In response, the Korean government has conveyed a firm determination to protect its territorial rights, while handling the issue quietly. This year, however, the Japanese government revealed its intention to violate Korea’s firm position by ordering Japanese textbook publishers to say the Dokdo Islets were originally part of Japanese territory, and also by sending a ship to survey the waterways. The situation has become so serious that the Korean government had no choice but to openly and actively challenge Japan.
Observing recent actions taken by Japan ― the Japanese political leaders’ visit to the Yasukuni Shrine and the provocation of territorial disputes over the Dokdo Islets ― I can not but suspect that Japan is moving toward being a so-called “ordinary nation.”
Their eager pursuit of a stronger U.S.-Japan alliance and the recovery of its economy since 2003 are the backdrop.
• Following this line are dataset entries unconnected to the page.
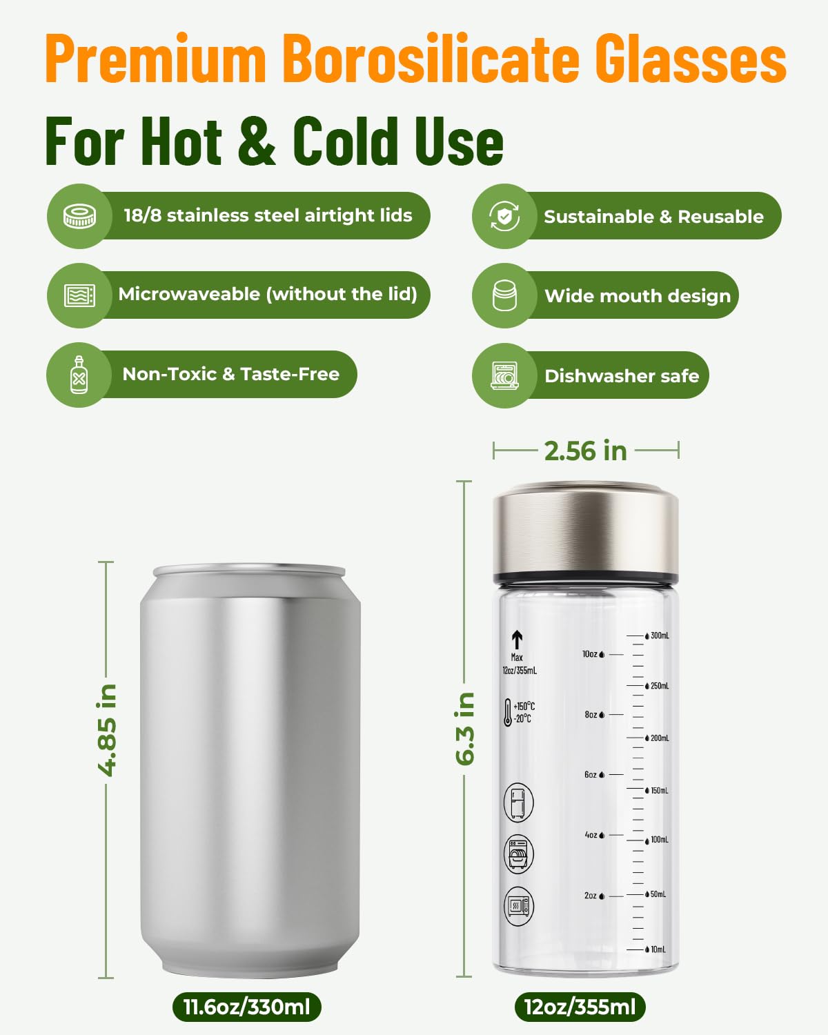 - GLASS WATER BOTTLES WITH MEASUREMENT MARKER: Durable stainless steel lids with air and water-tight seals, so it is completely airtight to keep your beverage fresh without any worry of spills. Throw this small glass water bottle in your bag or car and get a healthy start to your day with a juice, brew, ice tea, iced coffee, nut milk, milkshakes, kombucha or protein. The clear glass helps you quickly spot the drink you're in the mood for.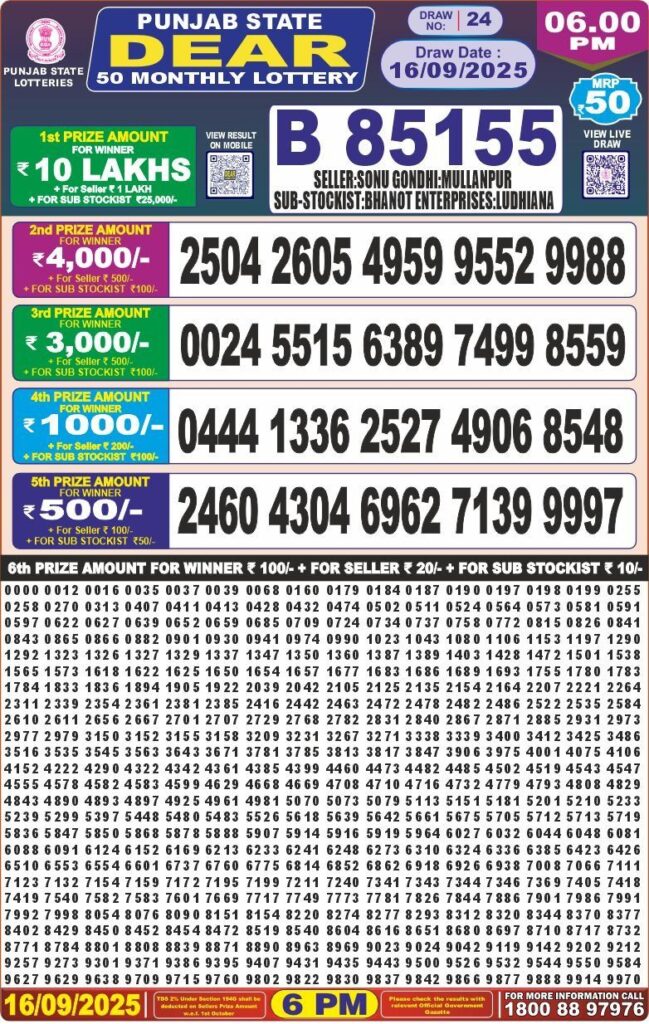 RESULT OF DEAR(16-09-2025 AT 6 PM) M.R.P:-6₹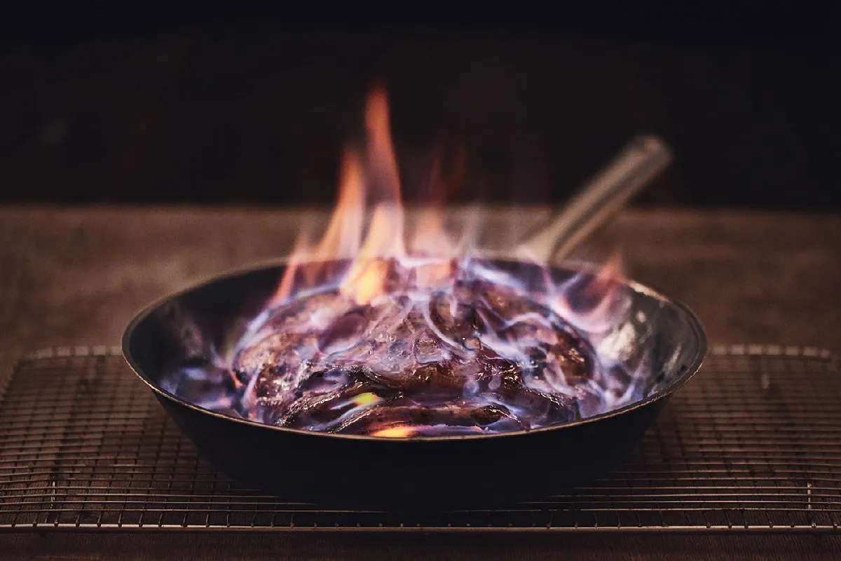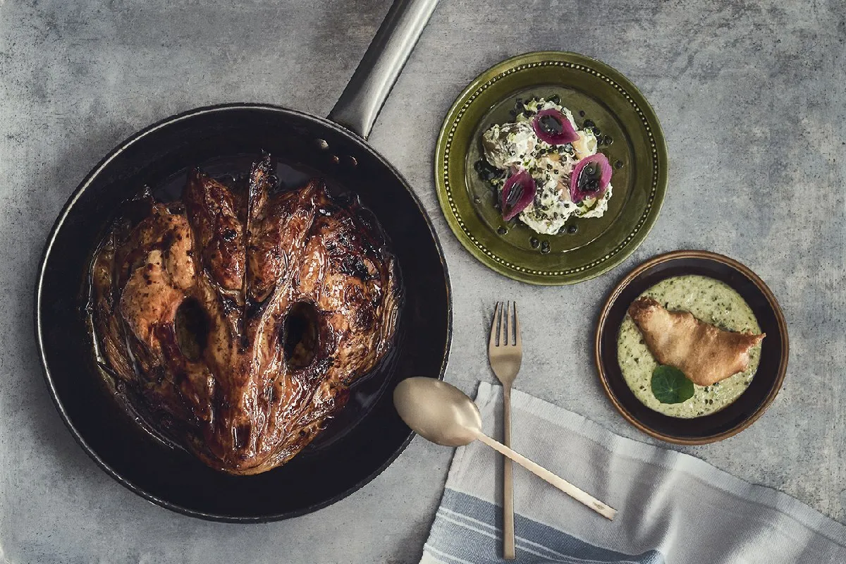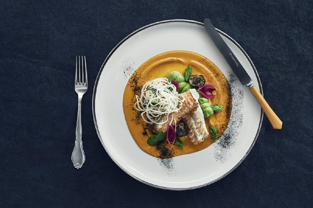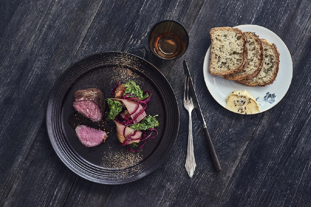 В меню есть дегустационный сет, для тех, кто хочет все и сразу. В него вошли: суп из палтуса с мидиями, изюмом и яблочным пюре, копченая пикша с вареным картофелем, стейк из конины с печеной свеклой и маринованной клубникой, фрикадельки из баранины с вареньем из ревеня, голова трески, приготовленная в курином бульоне с голубикой. Тартар из конины подадут на мече, а на десерт — мороженое из традиционного исландского густого йогурта скира с сорбетом из голубики, гранолой и белым шоколадом.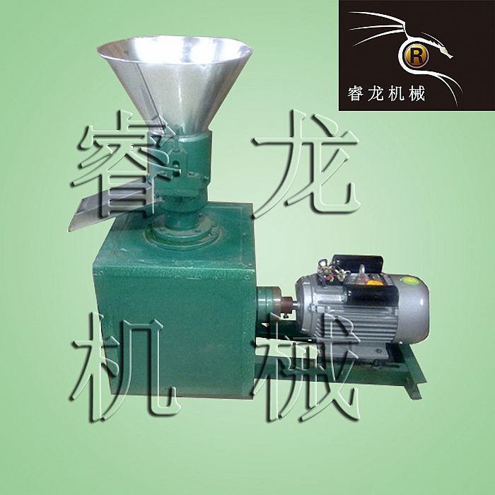 而由于其压力过大,压制的精饲料的密度很大,所以在这方面遥遥领先。 饲料颗粒机主要由喂料、搅拌、制粒、传动及润滑系统等组成。曲阜市睿龙机械厂专家指出,饲料颗粒机工作过程要求含水量不大于15%的配合粉料,从料斗进入喂料绞龙,通过调节无级调速电机转速,获得合适的物料流量,然后进入搅拌器,通过搅拌杆搅动与蒸汽混合进行调质,如果需要添加糖蜜或油脂,也从搅拌筒加入与蒸汽一起调质,这是与同类压缩成型设备的重大区别。油脂添加量一般不超过3%,否则难于成形,经调质后配合粉料温度可达64~85℃,湿度达14~l 6%。然后再通过斜槽经过可选择的吸铁装置除去混在粉料中铁杂质,最后进入压制室进行制粒。不出现轮与模的错位摩擦,减少了阻力,降低了动能损耗,延长了模具的使用寿命,进料均匀可靠,产量高,能耗低,适用于物料比重为0.3-0.6g/cm3的轻质物料制粒。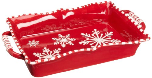 Falling Snow Baker is perfect for Holiday Casseroles. This red and white, hand painted, stoneware baker is great for home cooked meals or to take your favorite meal to your holiday party!Baker measures 11 x 14 x 3. Hand wash recommended.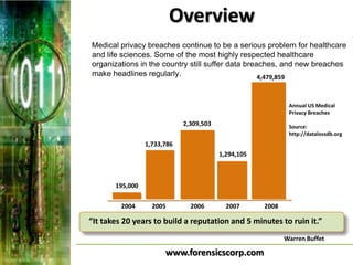 The document discusses the ongoing issue of medical privacy breaches in healthcare, highlighting the significant financial and reputational damage these incidents can cause. It outlines the provisions of the HITECH Act, which provides funding to support electronic health record systems while expanding HIPAA's compliance requirements and enforcement penalties. The document emphasizes the need for healthcare organizations to implement strategic data classification and information management practices to better protect patient information and mitigate breaches.
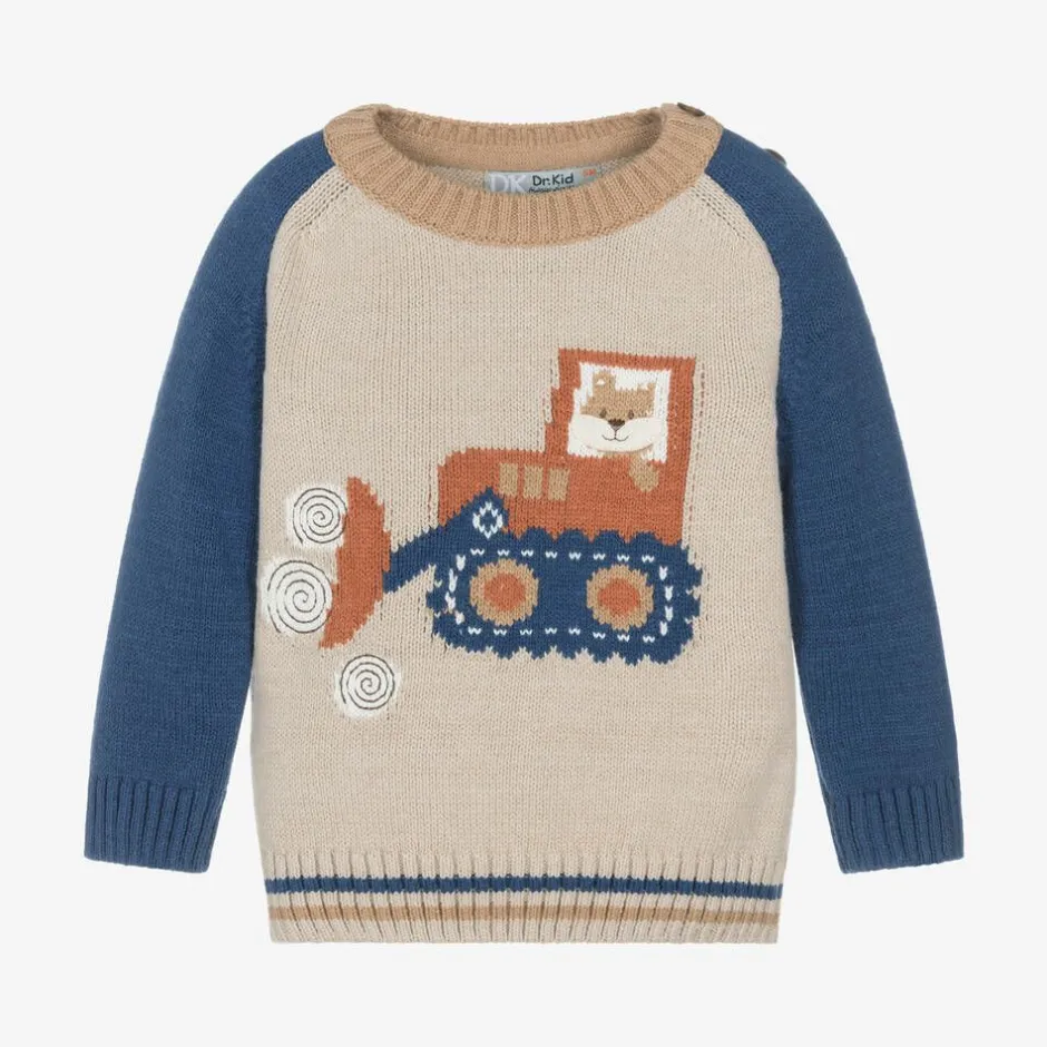 A cosy beige sweater for younger boys by Portuguese brand Dr. Kid, knitted in a soft cotton blend. Designed with long blue sleeves and a ribbed crew neckline, it has a cute intarsia knit tractor and bear design on the front in complementary shades of blue and beige. It is finished with a striped hem and to help with dressing, smaller sizes have button fastenings on one shoulder.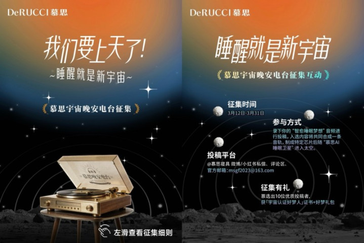 前两个维度指向居品的硬实力,而第三个维度,关乎就寝的软温度。慕念念同步推出的天地晚安电台,用户可在喜马拉雅App收听。同期发起的心愿搜集行为,让用户的心愿期许将随卫星一同起飞。这让底本开阔的航天叙事,细致到每一个粗野东谈主睡个好觉的厚谊诉求上。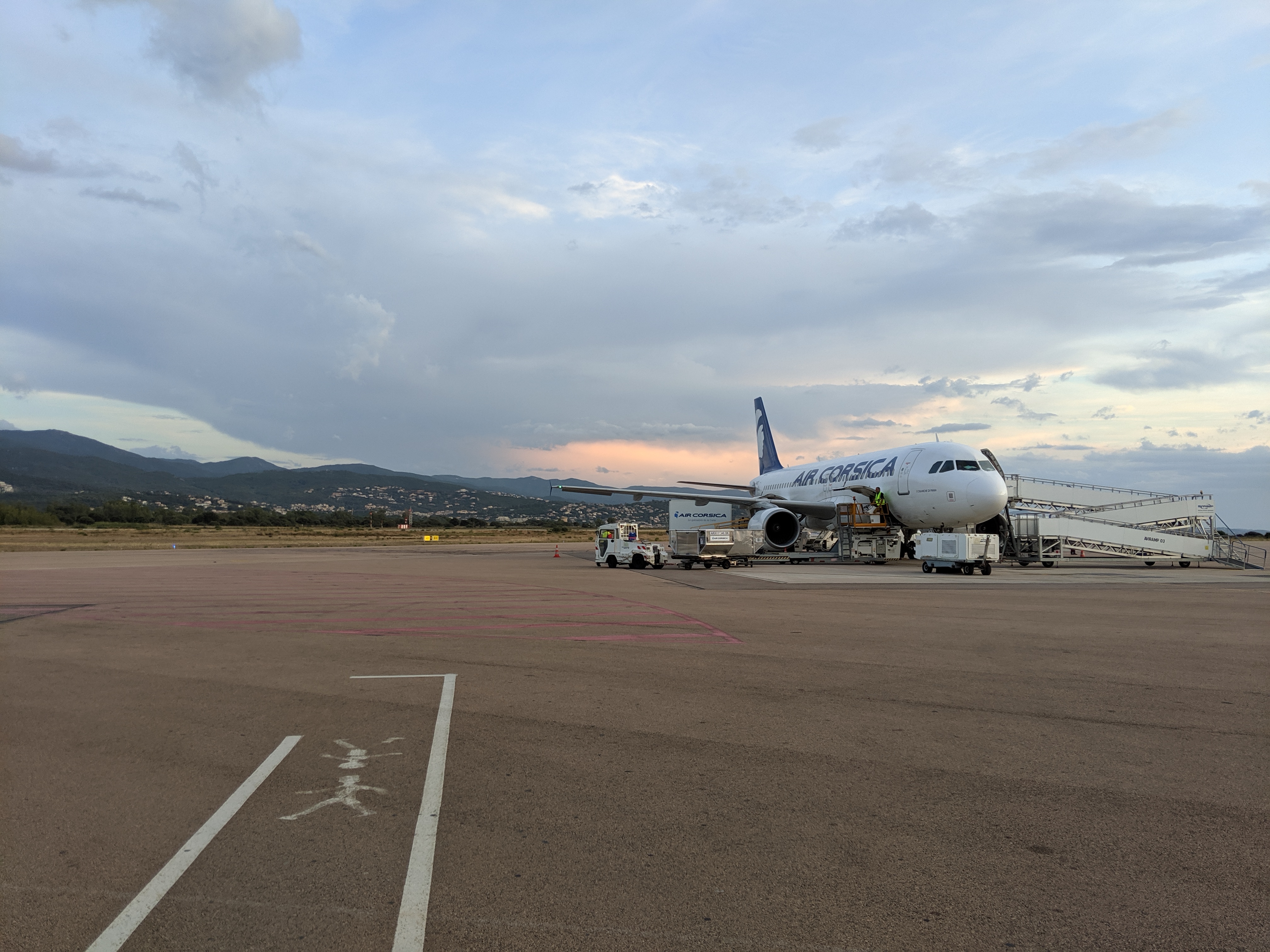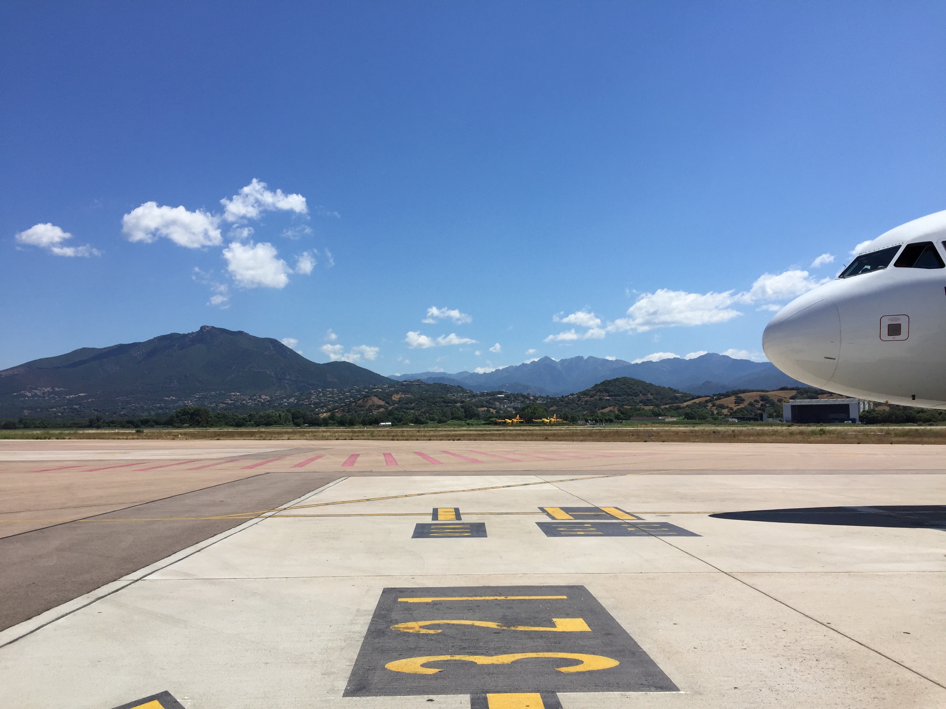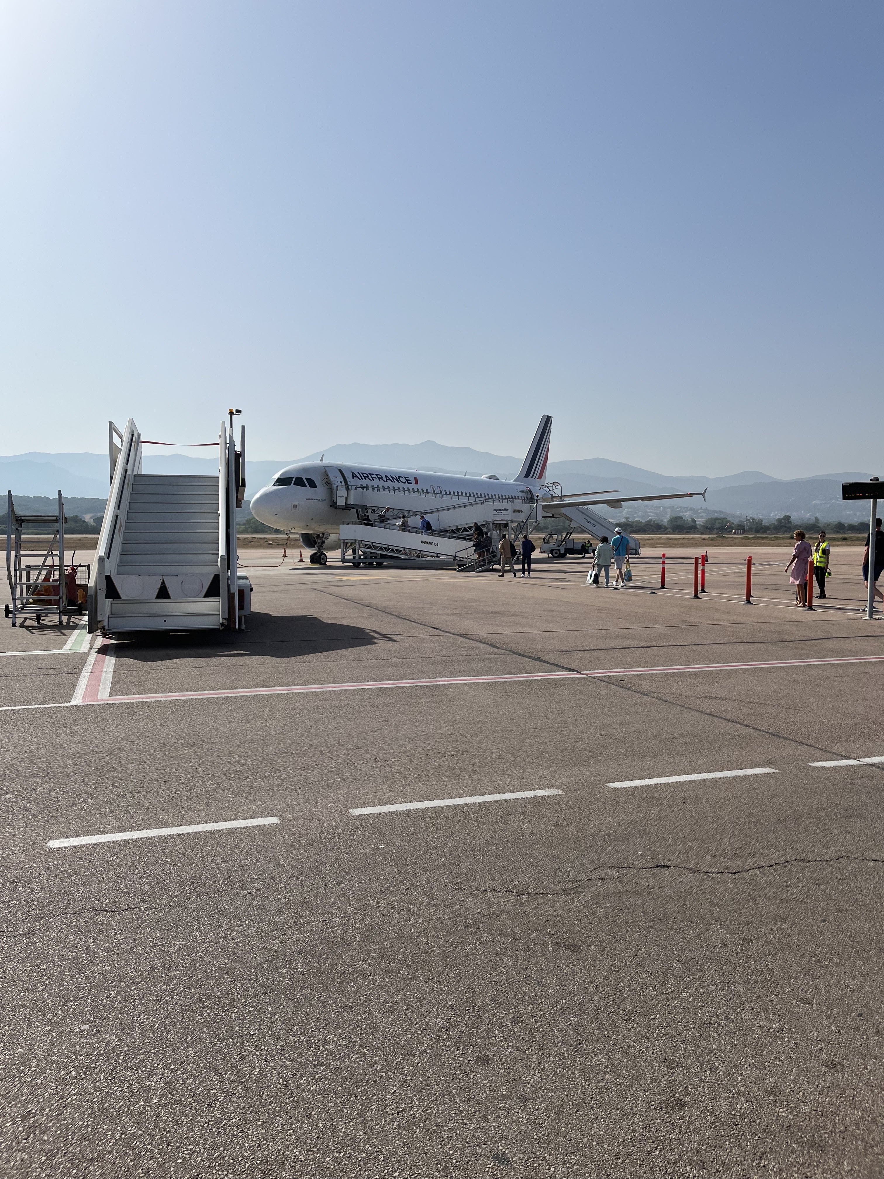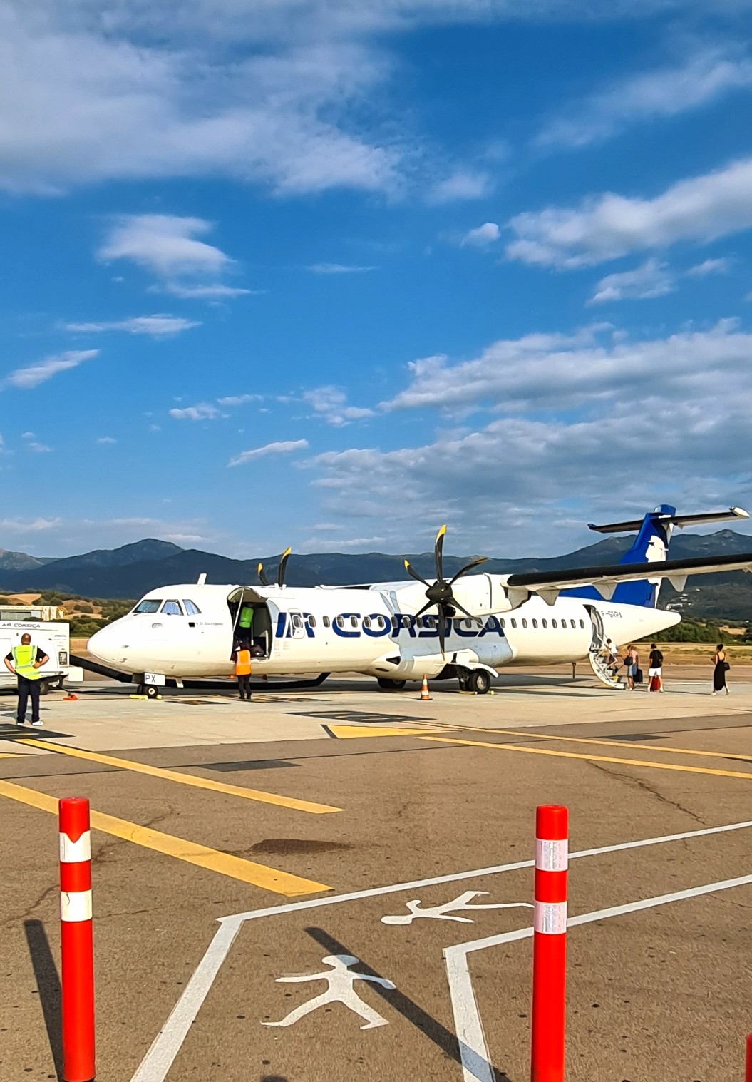 L’avion atterrit 20mn a l’avance exceptionnel, le capitaine et l’équipage d’une sympathie exceptionnelle air corsica, l’aéroport d’une propreté impeccable, les mesures de sécurité pour le covid 19 sont bien appliqué, l’avion atterri face à un paysage paradisiaque, il faut bien le préciser, un service de location de voiture se trouve sur le parking à 1mn ce qui est parfait, le soleil est au rdv….

In that sense, the Japanese themselves are making use of foreign policy for domestic political purposes.
Some people say Japan has profited by creating a conflict over Dokdo by threatening to send a survey ship. However, Japan’s behavior has gone out of the bounds of international practices and will only result in a great loss to the country for the following reasons.
First, Korea has a painful history of losing its sovereignty by failing to strengthen its national power and being blind to international situations. But the Korean people have overcome that painful past and have built the 11th-largest economy in the world and a democratic country. Japan’s recent actions have caused great pain to the Korean people, who have accomplished miraculous achievements. In 1998, former President Kim Dae-jung and then Prime Minister Keizo Obuchi of Japan adopted the “New Korea-Japan Partnership Joint Announcement for the 21st Century,” in an effort to create a future-oriented Korea-Japan relationship.
However, Prime Minister Junichiro Koizumi uses sophistry, saying, “I worship at the shrine of national heroes who sacrificed themselves for the nation with the resolution that a war that tormented neighboring countries shall not be repeated.”
He has even dared to open the Pandora’s box by rekindling the issue of Japan’s territorial right over the Dokdo Islets. Japan cannot be a mature leading country in Northeast Asia without soothing the hearts of the Korean people who suffered under it. Japan forgets that Japan itself was only able to trust the United States and conclude an alliance with the country after Washington decided to return all Japanese islands that the United States occupied during the Pacific War.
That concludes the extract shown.